With that said, here’s the counterweight to the “it’s all template” reading. If you mark every character that falls inside a stock phrase and divide by the script length, the median script spends just 1.4% of its characters on clichés, topping out at 4.2%. The tics are structural: they cluster in the handful of structural slots (open, pivot, close) that carry the most rhetorical weight, which is exactly why they’re so audible despite being numerically tiny.
The end result audio, in part due to ElevenLabs’ engaging text-to-speech voice rendering, is actually pretty good. Very listenable. With context of what came before there may well be more variation, which the model did not have access to.
It helps to remember what the model is actually doing in those template slots. It’s inflating a 180-300 word summary into a script several times that length, and the words it adds to bridge the gap are mostly connective rhetoric.
There’s a name for what produced all this. In their forthcoming Evals for AI, Hamel Husain and Shreya Shankar describe the gulf of specification: the space between what a developer means and what they actually manage to write down. My naive prompt definitely falls into it. “A bit of personality” is an intention, not an instruction.
Everything above is phrasal — multi-word scaffolding in one prompt’s output. The tell that attracted global attention was a single word: “delve.” And unlike my hobby corpus, it’s now been measured at the scale of the published record.
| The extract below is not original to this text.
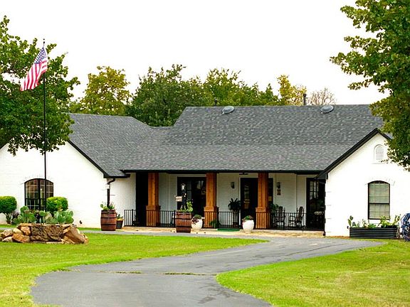 RARE LUXURY HORSE RANCH on 13 acres mol in Blanchard OK-Your private Equestrian Paradise! Welcome to your own little slice of private horse country heaven! This is a one-of-a-kind estate offering the perfect blend of luxurious living, outdoor amenities, and rural tranquility. The Main home is 3,292 sf of luxury living! Drive through the front gate and see the stunning white farmhouse with a charming front porch perfect for relaxing and watching amazing Oklahoma sunsets! The inviting interior boasts large windows, custom wood beams, a remodeled fireplace, and fresh paint. As you walk in, you will notice the large windows and expansive view of the patio, pool, pond and land. Open concept living, dining and kitchen make this home an entertainer’s dream! Split plan offers a huge primary suite with sitting area and Bath w soaking tub, walk in shower and spacious closet. The kitchen is a chef’s dream with a commercial stove and spacious island for prepping and serving! Walk out to the covered patio swings by the heated pool or the outdoor kitchen. Take a short stroll to the stocked pond and catch your dinner!

Matsui (2025) tracked 135 candidate AI-influenced terms across 27.5 million PubMed abstracts from 2000-2024; 103 of them rose meaningfully by 2024, and “delve” was the single biggest mover — the lonely red point stranded in the top-right of the chart below.
Noting that Matsui found these words began climbing around 2020 — before ChatGPT shipped in November 2022 — so the model amplified an existing drift rather than inventing it from scratch. (The paper also can’t resist the joke: its own title is “Delving Into PubMed Records.”) My “deceptively simple question” is the same phenomenon caught one rung lower down — not yet in the published record, just in one person’s render queue, but already perfectly, measurably on rails.
There’s a last thing the counting doesn’t capture, and it’s the thing I actually noticed first. To a New Zealand ear, the whole register is off. The relentless warmth, every lesson thrilled to see you, every dry result repackaged as an “energising takeaway”, lands somewhere between an American keynote and a children’s-TV host. Kiwi explanation tends to run more understated - “not too bad” is actually pretty high praise. So a voice this uniformly excited about contestable markets reads, to me, as faintly uncanny: fluent, friendly, and unmistakably performing.
Deceptively simple questions that turn out to be not-so-simple and not so-deceptive also seem to be a slightly manipulative way to frame these lessons. Ultimately pointing to more care needed in developing ed-tech applications using LLMs.
Reproducible end to end: the counting lives in 03_script_phrase_analysis.ipynb,
and scripts/tts-tics/build.py regenerates the data and cuts the audio clips
straight from the rendered MP3s with ffmpeg. To prepare clips for this blog post, each clip was sliced on exact word-level timestamps from Deepgram — every MP3 goes through its
transcription API, the stock phrase is matched against the returned word list, and the cut
lands on the first and last word's boundaries. So the openers and closers alike sit precisely
on the phrase, with no character-offset estimation and no stray breath to trim.
Code was written with the help of coding assistants (Codex and Claude); Claude also helped draft this post. The GitHub repo is available, but the source course material and the full derived summaries can't be shared.